EXERCISE - Only the lines from the one containing "Termohrnček z dvojstennej" through the end of the data below are to be repeated, exactly as given, without pictures.
══ COLLECTED DATA
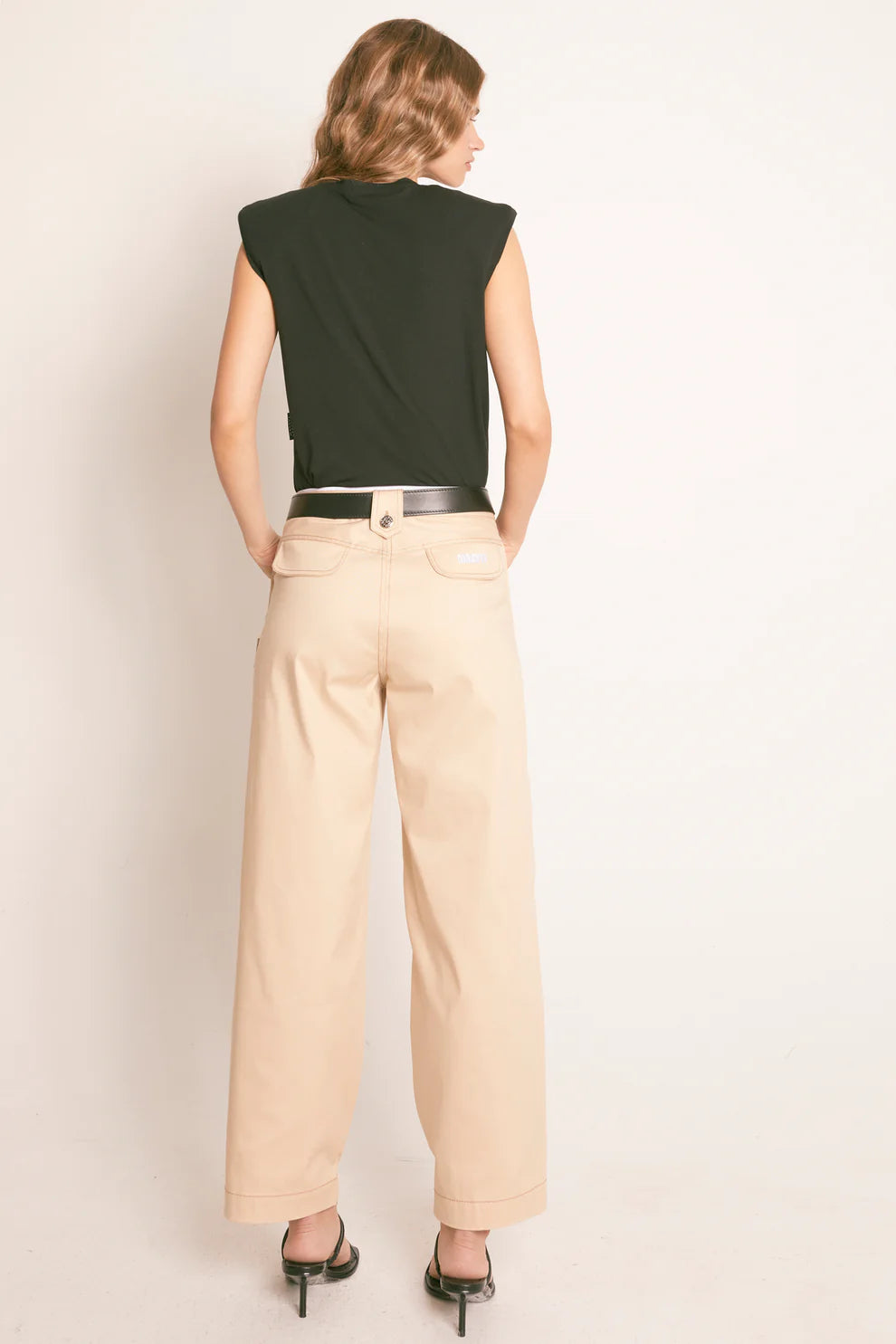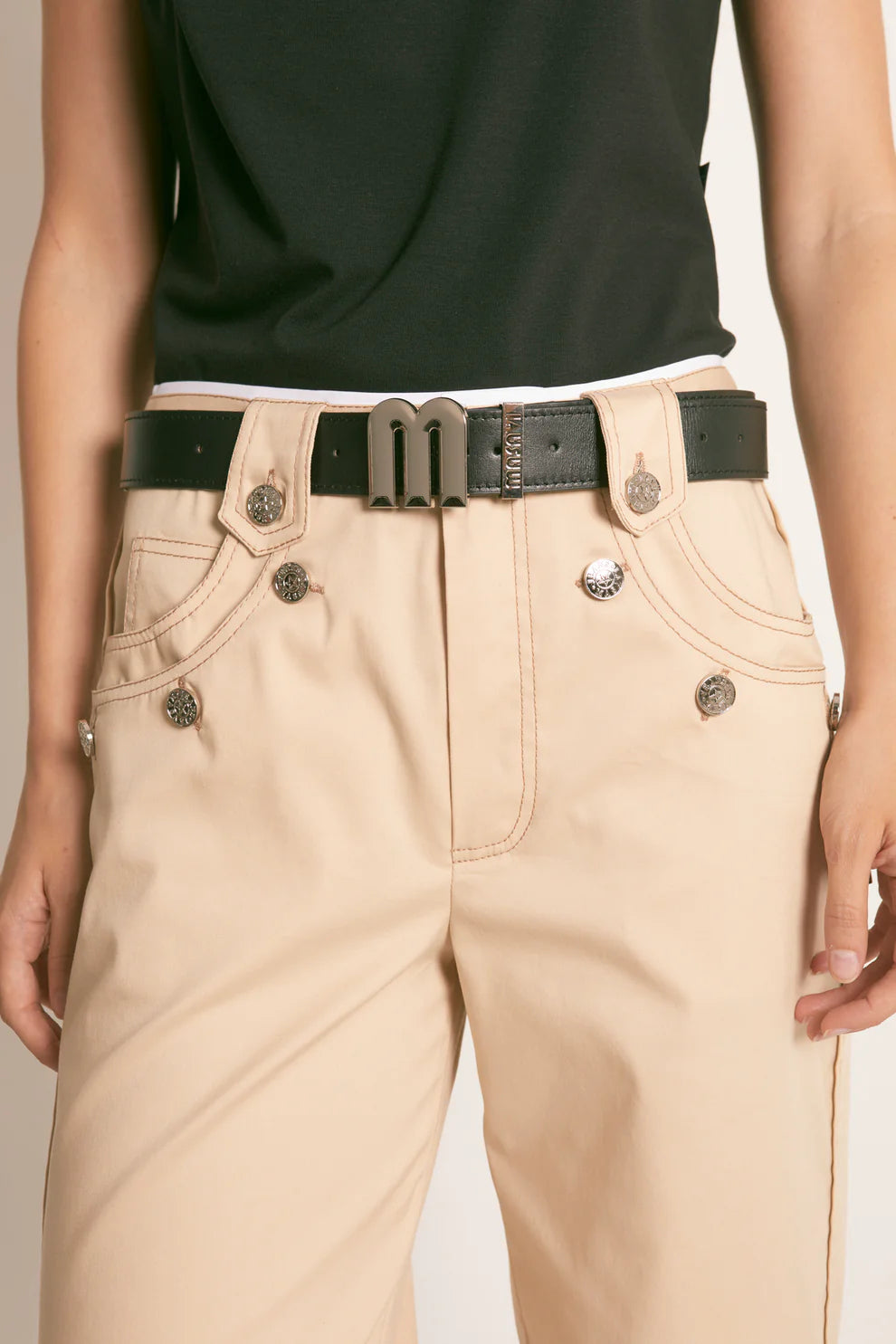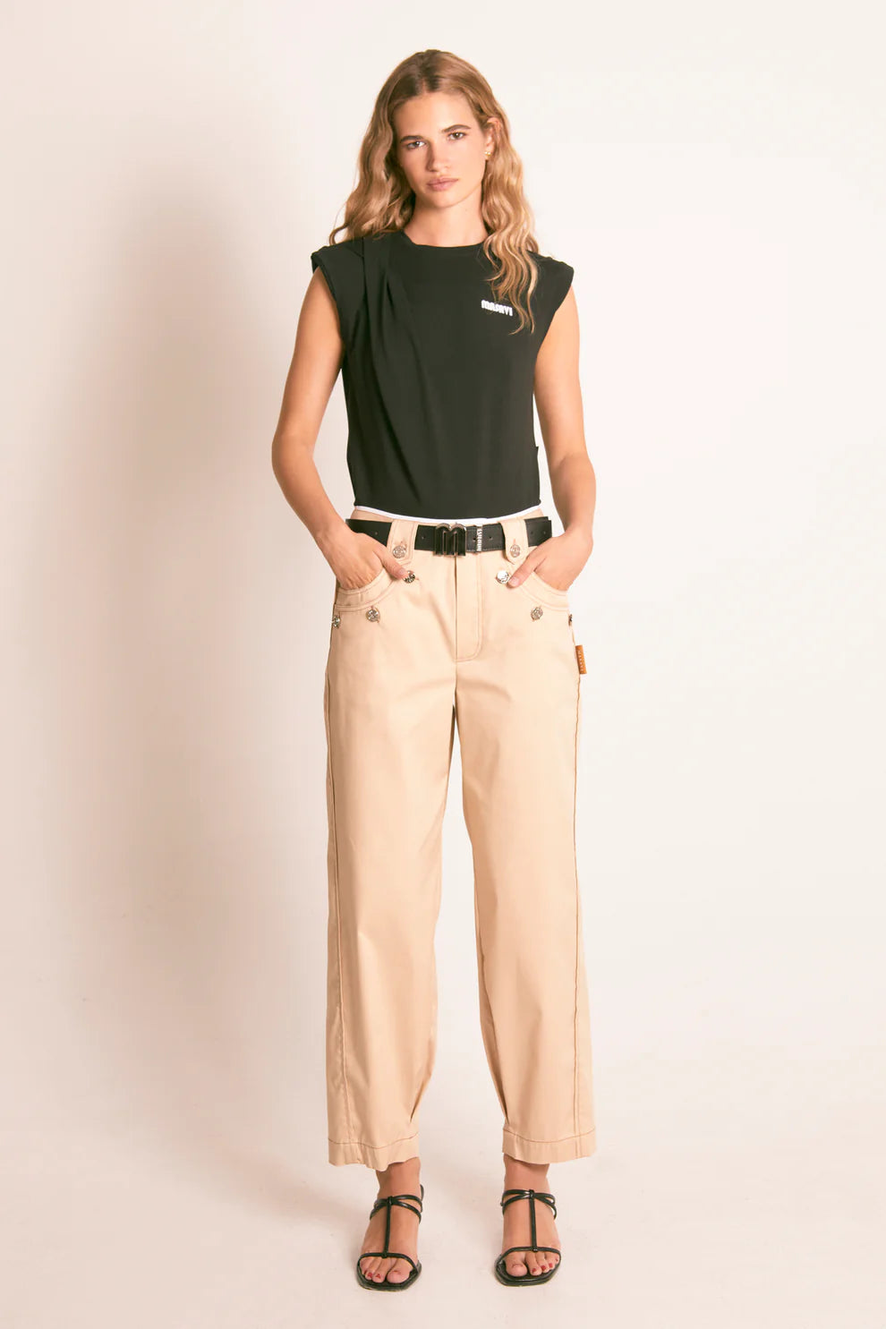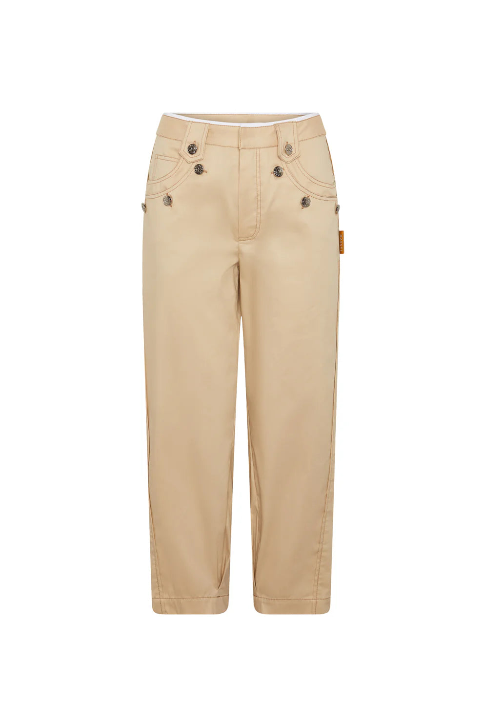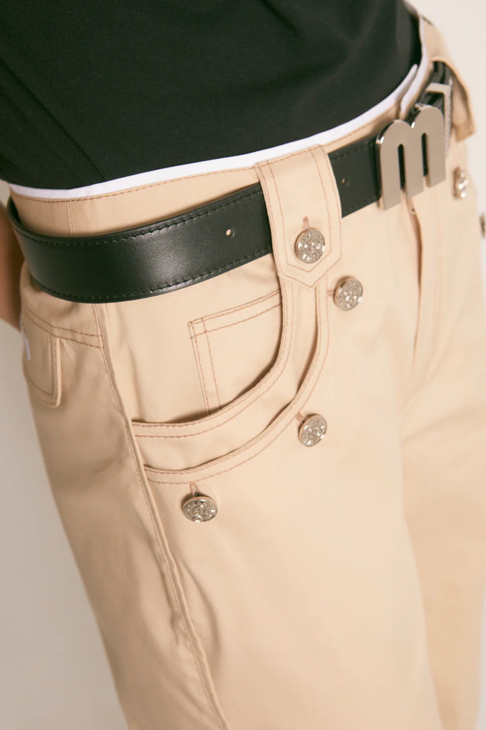 Camel trousers with a cargo-inspired design that incorporates decorative button details on the front that add a distinctive and elegant touch. Their boyfriend cut ensures comfort and stylizes the figure.
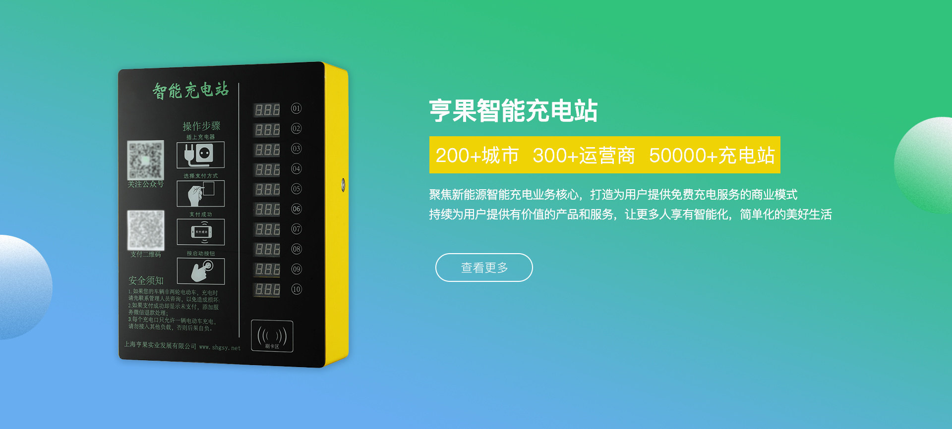 公司總部位于上海市青浦區(qū)趙巷新城經(jīng)濟(jì)開發(fā)區(qū),專注于新能源智能充電操作系統(tǒng)、智能電動(dòng)車充電樁、充電樁行業(yè)運(yùn)營管理平臺(tái)等多類相關(guān) 產(chǎn)品的研發(fā)、設(shè)計(jì)、銷售和運(yùn)營,產(chǎn)品現(xiàn)已廣泛應(yīng)用于國內(nèi)各城市居民社區(qū)、高校、及商業(yè)綜合體車輛聚集區(qū)域及市政配套領(lǐng)域。
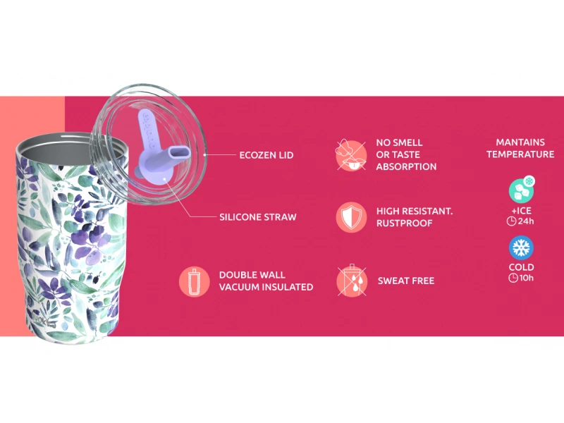 Termohrnček z dvojstennej nehrdzavejúcej ocele je ideálny na horúce letné dni, výlety aj každodenné používanie. Udrží nápoj príjemne studený bez potreby neustáleho dolievania. Vďaka slamke a tesniacemu viečku sa pohodlne používa doma aj na cestách.
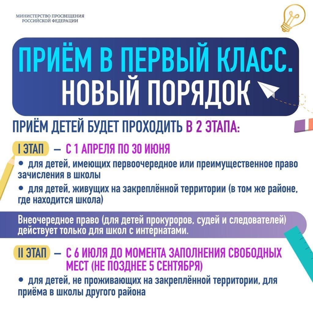 Прием в первый класс, новый порядок 2021 год
════
THE COMPLETED TASK -
 Termohrnček z dvojstennej nehrdzavejúcej ocele je ideálny na horúce letné dni, výlety aj každodenné používanie. Udrží nápoj príjemne studený bez potreby neustáleho dolievania. Vďaka slamke a tesniacemu viečku sa pohodlne používa doma aj na cestách.
 Прием в первый класс, новый порядок 2021 год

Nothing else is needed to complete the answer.